[Extracted data entries]
══════════

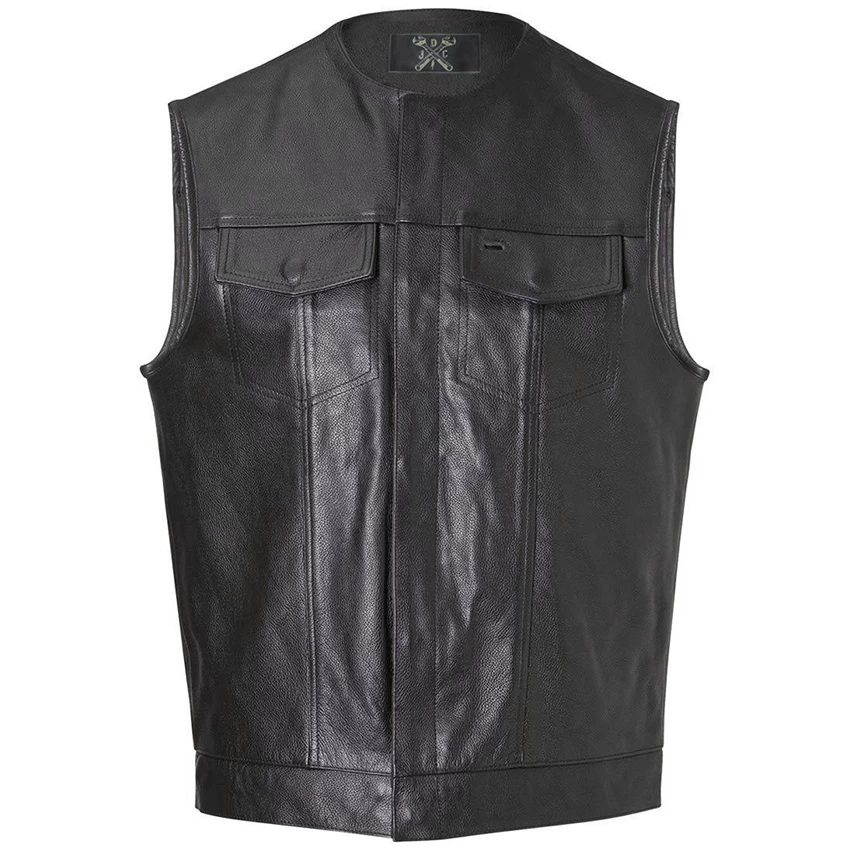 This leather vest with zipper and button closure is made from 1-1.1mm bovine leather with a cotton inner lining for breathability and comfort. On the front two closable pockets and inside facing pockets.
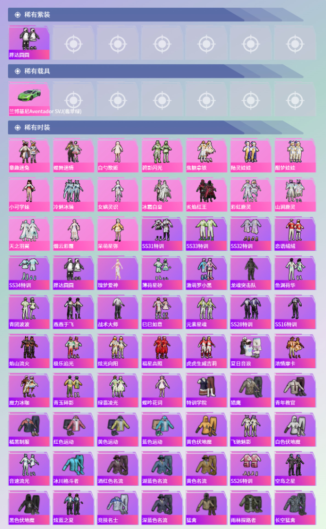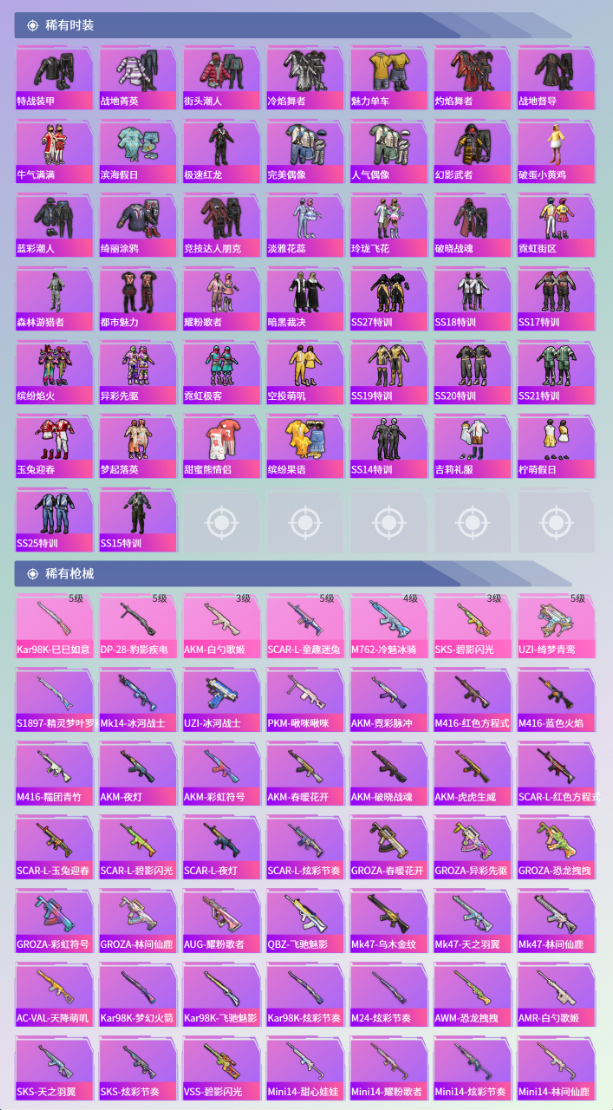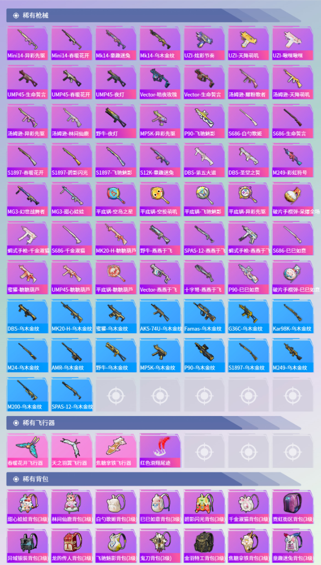 包天特惠素材号⭕17粉装7特效枪1载具4飞行器⭕114套装114枪械
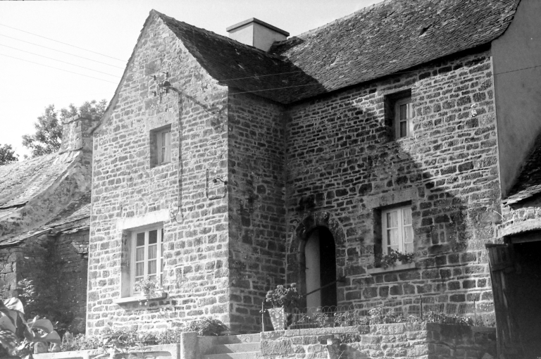 Logis à deux avancées, celle située en façade postérieure, plus réduite, enferme un escalier en vis en bois (refait). Gros-oeuvre en moellons équarris de granite pouvant provenir de la carrière proche du Goël.
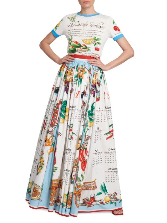 From the Capri Collection. Crafted of poplin, DOLCE&GABBANA’s pleated maxi skirt is defined by mixed painterly and calendar prints.
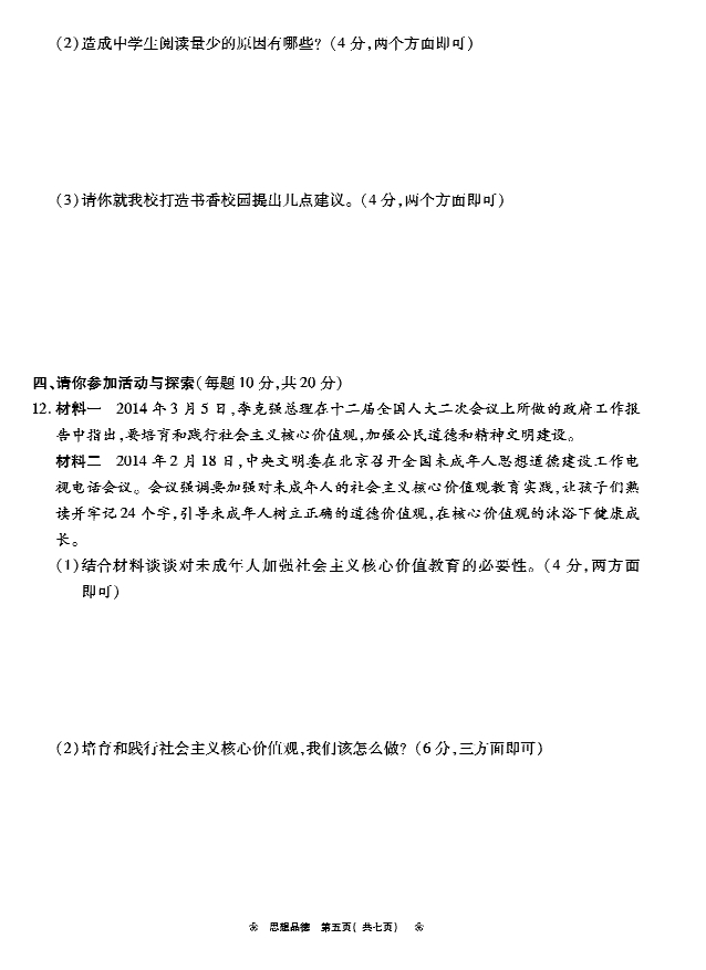 2014年郑州外国语中学第二次中考内测政治试卷(5)
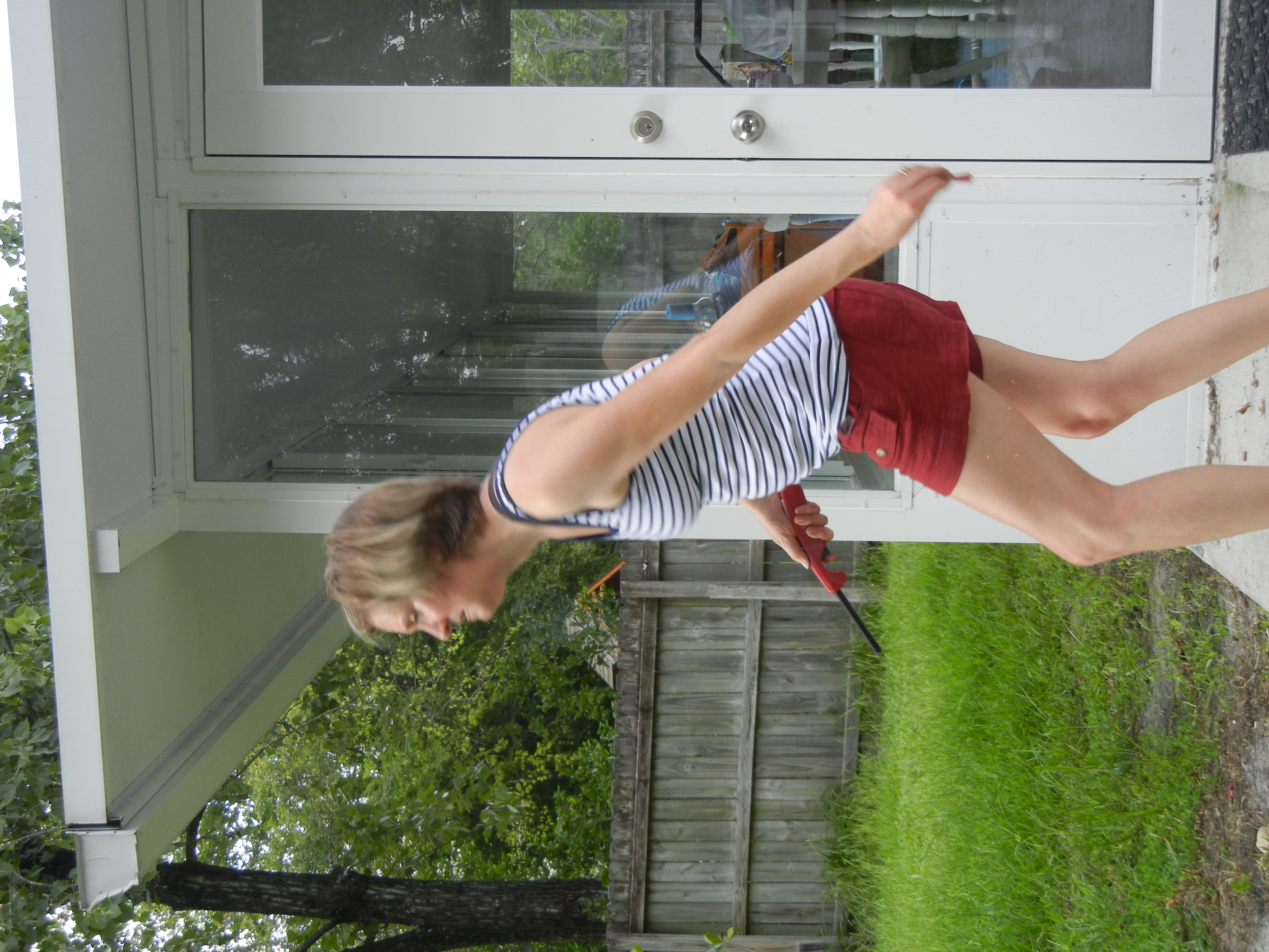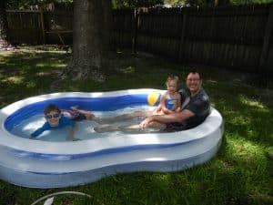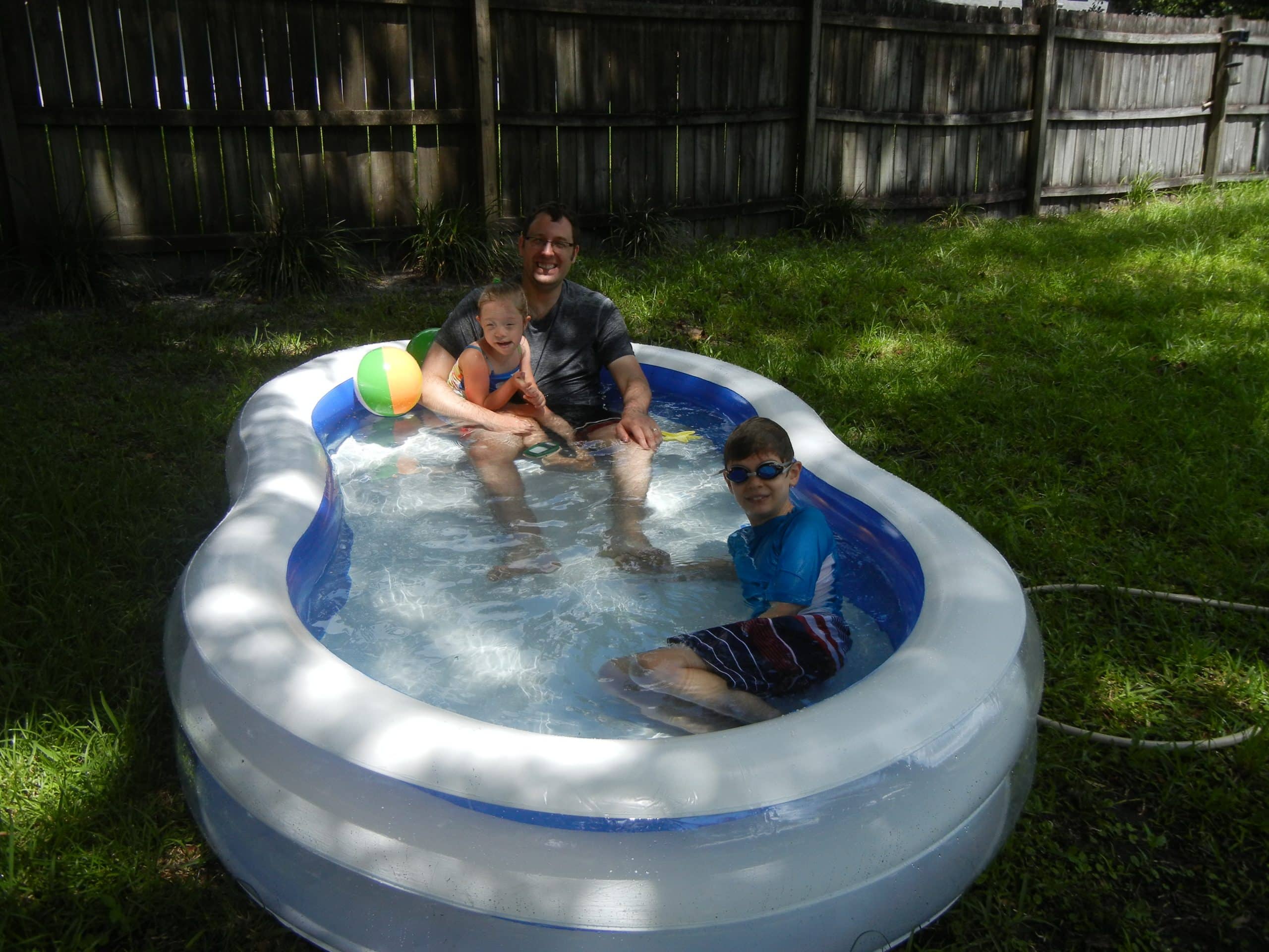 We bought a new inflatable pool. And quickly realized that we should have bought an electric pump as well. (I should have learned my lesson after blowing up the floatie at the lake nearly made me pass out.) I will be buying a pump before we inflate this again.
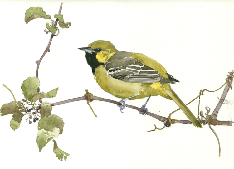 The Orchard Oriole (Icterus spurius) is North America’s smallest oriole and one of its most interesting. The adult male has a black head, back, and tail, and a white wing bar and white edges to the flight feathers on its mostly black wings. Its breast, belly, rump, and shoulders are dark russet. It has a short tail and a short bill. The adult female is greenish yellow below, light olive green above, and has two white wing bars. First- and second-year males resemble females but have black throats, and second-year males have some russet body feathers. Adult males are distinctive, but immature males and adult females can be confused with Scott’s and Hooded orioles in various plumages, although Orchard Orioles are smaller. However, the Orchard Oriole’s range does not overlap with the ranges of either of these species. Orchard Orioles are divided into three subspecies. I. s. spurius breeds in the United States and the other two subspecies are restricted to Mexico.

══════════

▸ **Action item**
What is the exact wording of the lines from the one bearing "Logis à deux" through the final line of the records above? Write it out without the pictures.

▸ **Worked solution**
 Logis à deux avancées, celle située en façade postérieure, plus réduite, enferme un escalier en vis en bois (refait). Gros-oeuvre en moellons équarris de granite pouvant provenir de la carrière proche du Goël.
 From the Capri Collection. Crafted of poplin, DOLCE&GABBANA’s pleated maxi skirt is defined by mixed painterly and calendar prints.
 2014年郑州外国语中学第二次中考内测政治试卷(5)
 We bought a new inflatable pool. And quickly realized that we should have bought an electric pump as well. (I should have learned my lesson after blowing up the floatie at the lake nearly made me pass out.) I will be buying a pump before we inflate this again.
 The Orchard Oriole (Icterus spurius) is North America’s smallest oriole and one of its most interesting. The adult male has a black head, back, and tail, and a white wing bar and white edges to the flight feathers on its mostly black wings. Its breast, belly, rump, and shoulders are dark russet. It has a short tail and a short bill. The adult female is greenish yellow below, light olive green above, and has two white wing bars. First- and second-year males resemble females but have black throats, and second-year males have some russet body feathers. Adult males are distinctive, but immature males and adult females can be confused with Scott’s and Hooded orioles in various plumages, although Orchard Orioles are smaller. However, the Orchard Oriole’s range does not overlap with the ranges of either of these species. Orchard Orioles are divided into three subspecies. I. s. spurius breeds in the United States and the other two subspecies are restricted to Mexico.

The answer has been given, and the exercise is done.